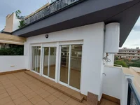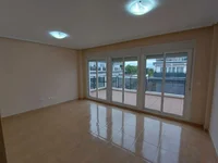 The property has 3 bedrooms with fitted wardrobes, two bathrooms (1 en suite), independent kitchen with high and low furniture, living-dining room with huge glass doors leading out to a large terrace with unobstructed views. It is newly painted and ready to move in. Semi-new building, from 2009, all the facade and railings of the urbanization have been recently painted. The urbanization has green areas, children's garden, spa area, gym and communal swimming pools. Property for sale in the residential Lomas del Carabassi, situated next to the sports centre and the street market area.
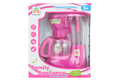 Plastový kávovar na baterie. Napájení na 3 AA baterie (nejsou součástí). Kávovar vydává zvuky a svítí stejně jako při přípravě kávy. Kávovar o velikosti 15 x 13 cm. Rozměry balení cca 17 x 21 x 9,5 cm. Věk 3+
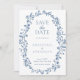 Save The Date Élégant Mariage de fleurs victorien bleu Dusty
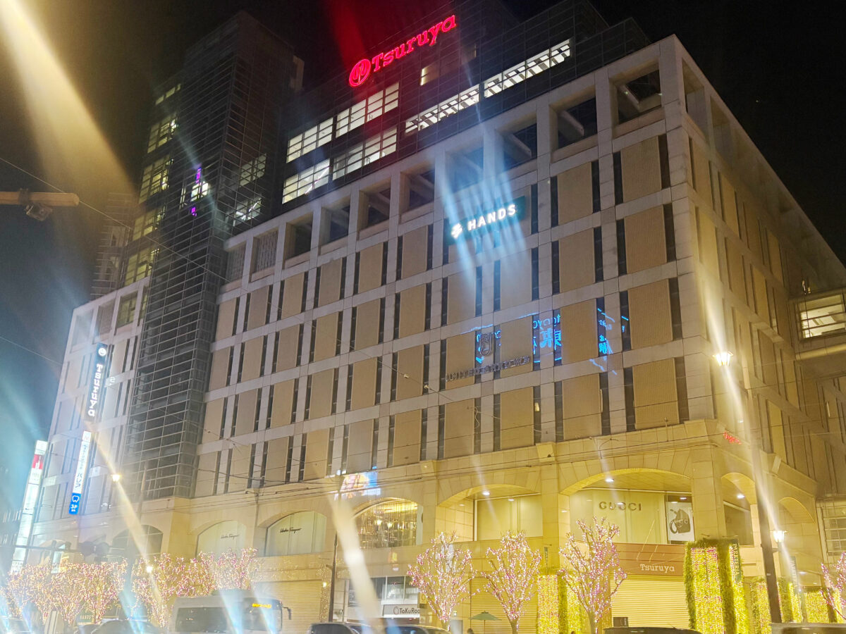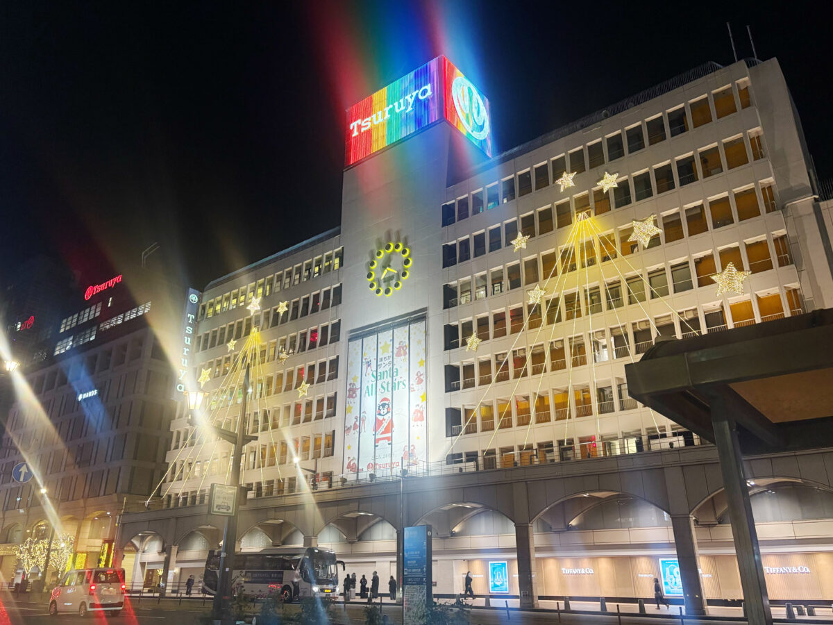 鶴屋百貨店の本館はロゴがレインボーに、クリスマスツリーを模した飾りも綺麗。東館はゴールドに輝く木々が華やかです。
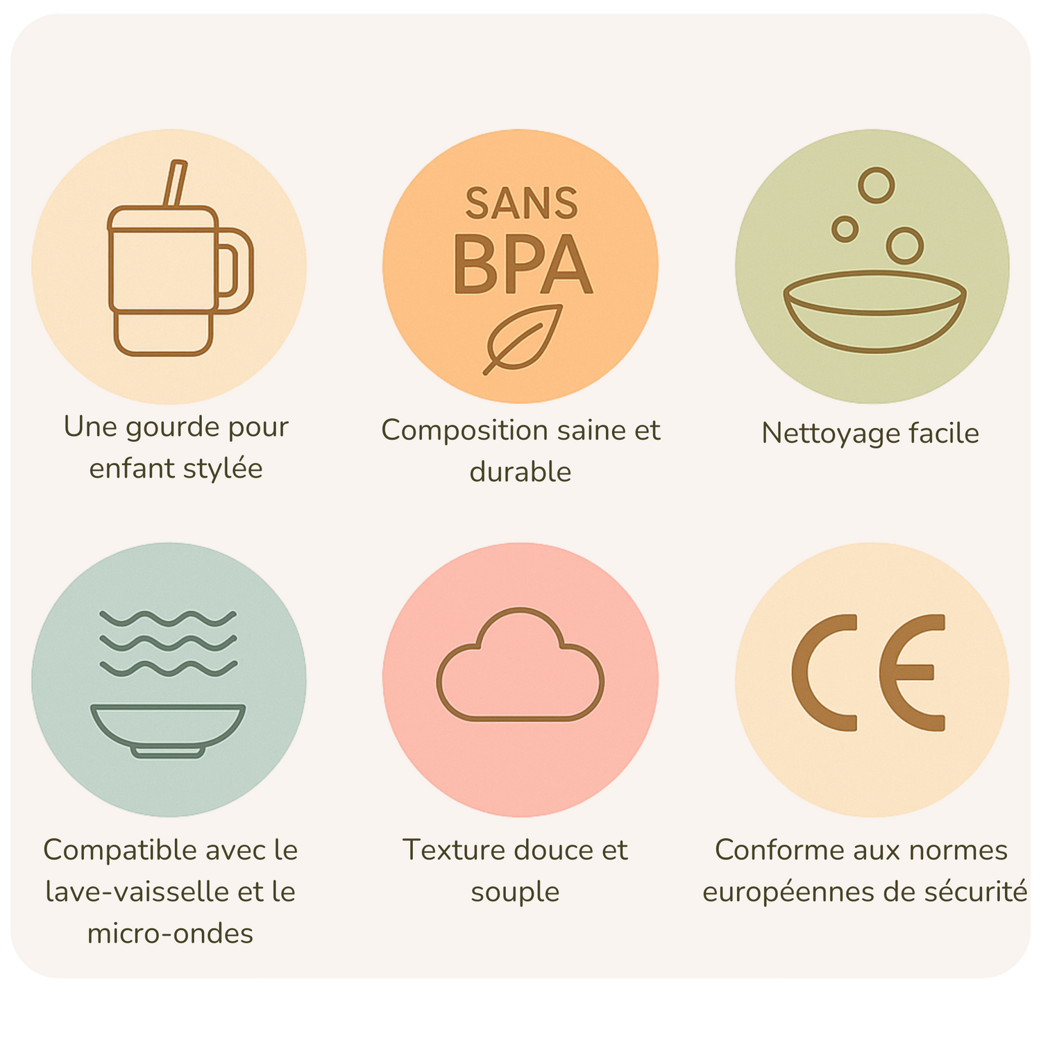 - Incassable & sûre : gourde d’apprentissage en silicone 100% alimentaire, sans BPA
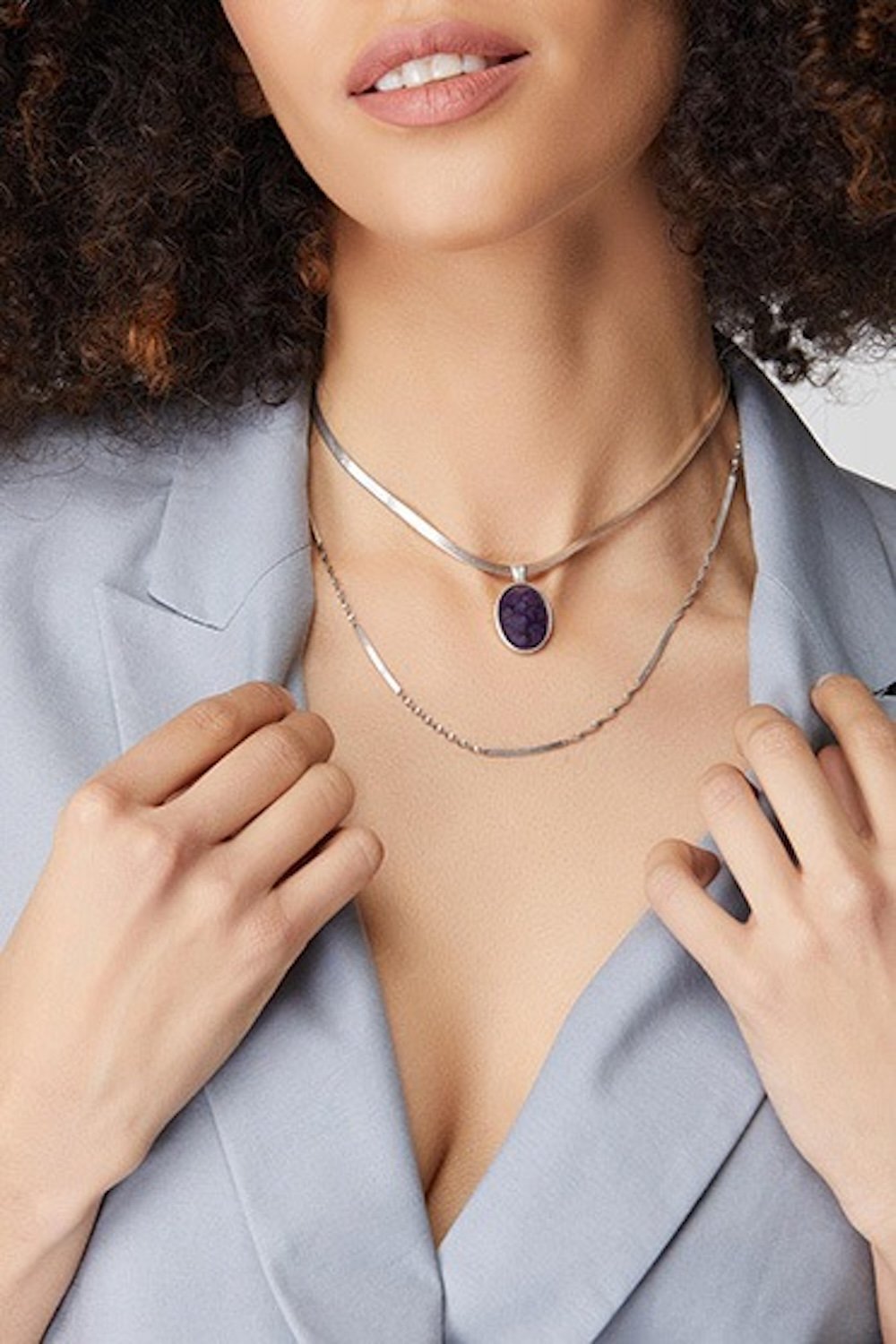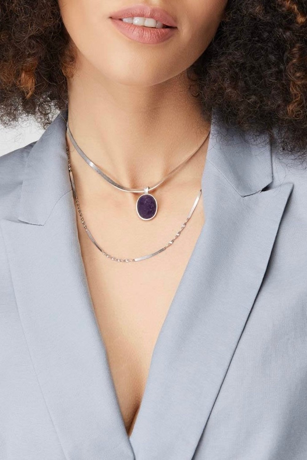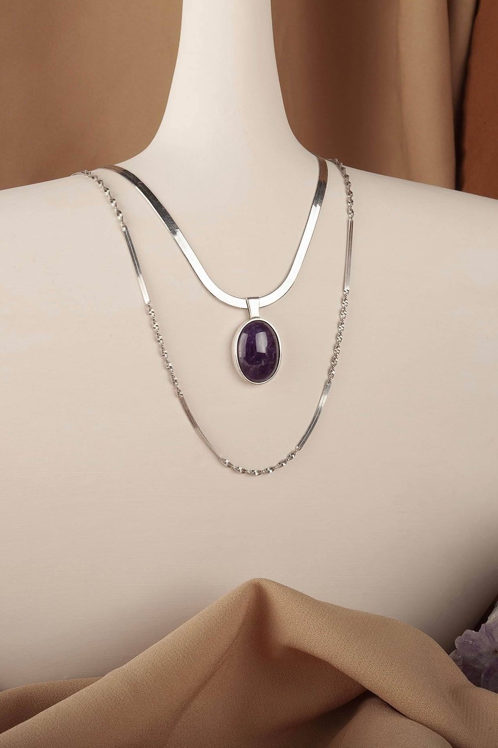 Adagio kolyemizde, farkındalığınızı artıran ametist ile manevi saflığın simgesi gümüşü ikili tasarım olarak birleştirdik. Güçlü, şık ve doğal..
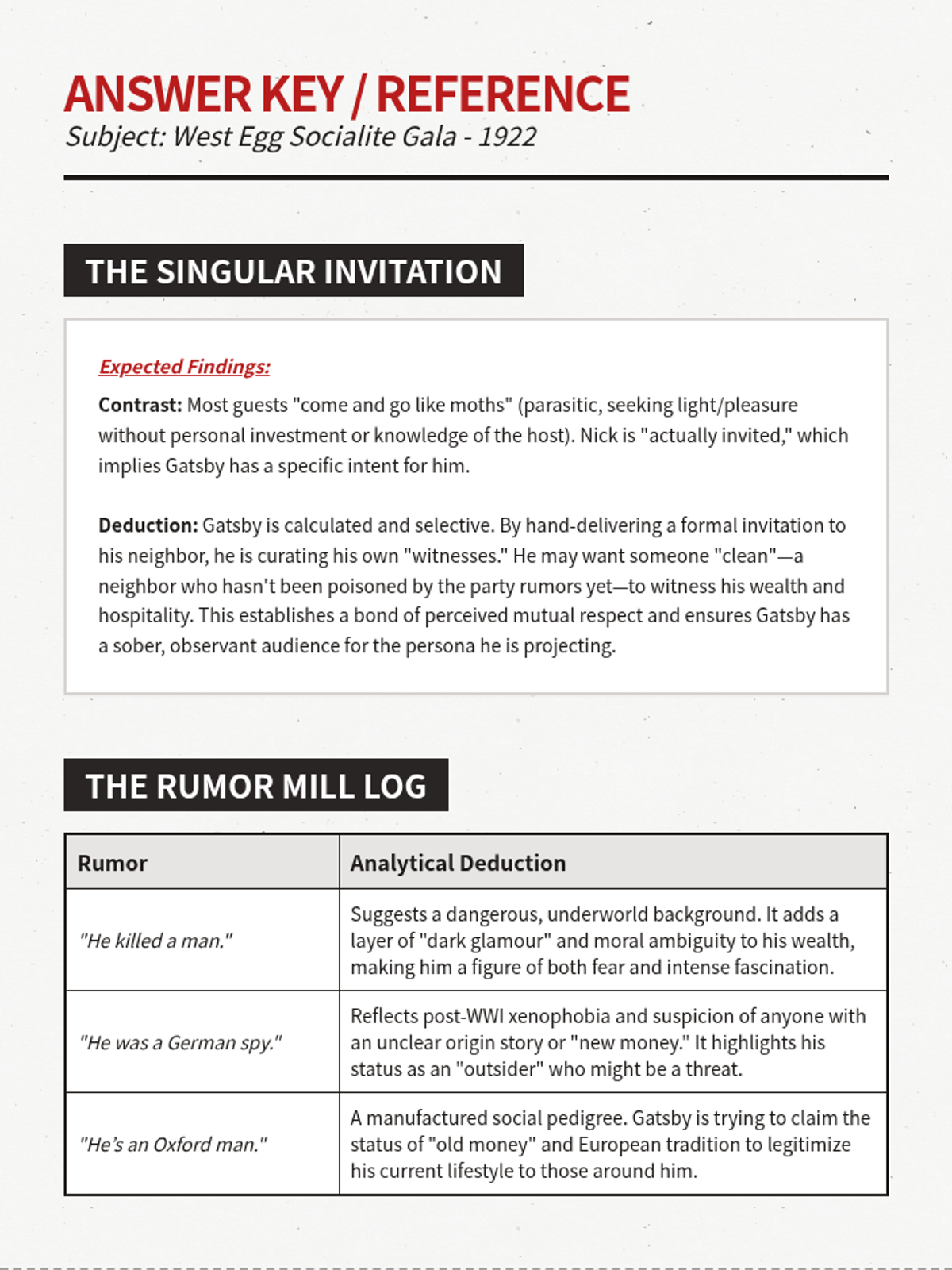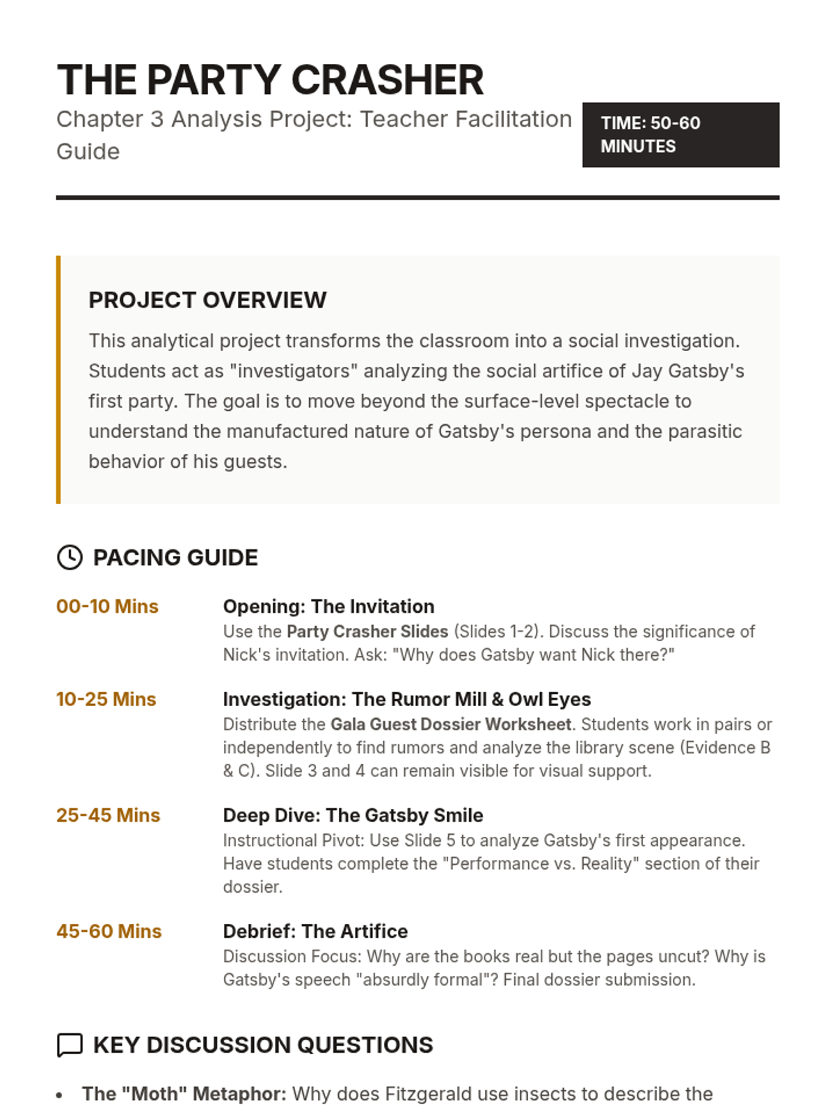 An intensive one-day analytical investigation into Chapter 3 of The Great Gatsby, focusing on the artifice of Gatsby's parties, the nature of his guests, and the first encounter with the man himself.

━━━━

• _Exercise_: Your reply should be the full data above, copied exactly, with no pictures in it.

• _Finished exercise_:
 The property has 3 bedrooms with fitted wardrobes, two bathrooms (1 en suite), independent kitchen with high and low furniture, living-dining room with huge glass doors leading out to a large terrace with unobstructed views. It is newly painted and ready to move in. Semi-new building, from 2009, all the facade and railings of the urbanization have been recently painted. The urbanization has green areas, children's garden, spa area, gym and communal swimming pools. Property for sale in the residential Lomas del Carabassi, situated next to the sports centre and the street market area.
 Plastový kávovar na baterie. Napájení na 3 AA baterie (nejsou součástí). Kávovar vydává zvuky a svítí stejně jako při přípravě kávy. Kávovar o velikosti 15 x 13 cm. Rozměry balení cca 17 x 21 x 9,5 cm. Věk 3+
 Save The Date Élégant Mariage de fleurs victorien bleu Dusty
 鶴屋百貨店の本館はロゴがレインボーに、クリスマスツリーを模した飾りも綺麗。東館はゴールドに輝く木々が華やかです。
 - Incassable & sûre : gourde d’apprentissage en silicone 100% alimentaire, sans BPA
 Adagio kolyemizde, farkındalığınızı artıran ametist ile manevi saflığın simgesi gümüşü ikili tasarım olarak birleştirdik. Güçlü, şık ve doğal..
 An intensive one-day analytical investigation into Chapter 3 of The Great Gatsby, focusing on the artifice of Gatsby's parties, the nature of his guests, and the first encounter with the man himself.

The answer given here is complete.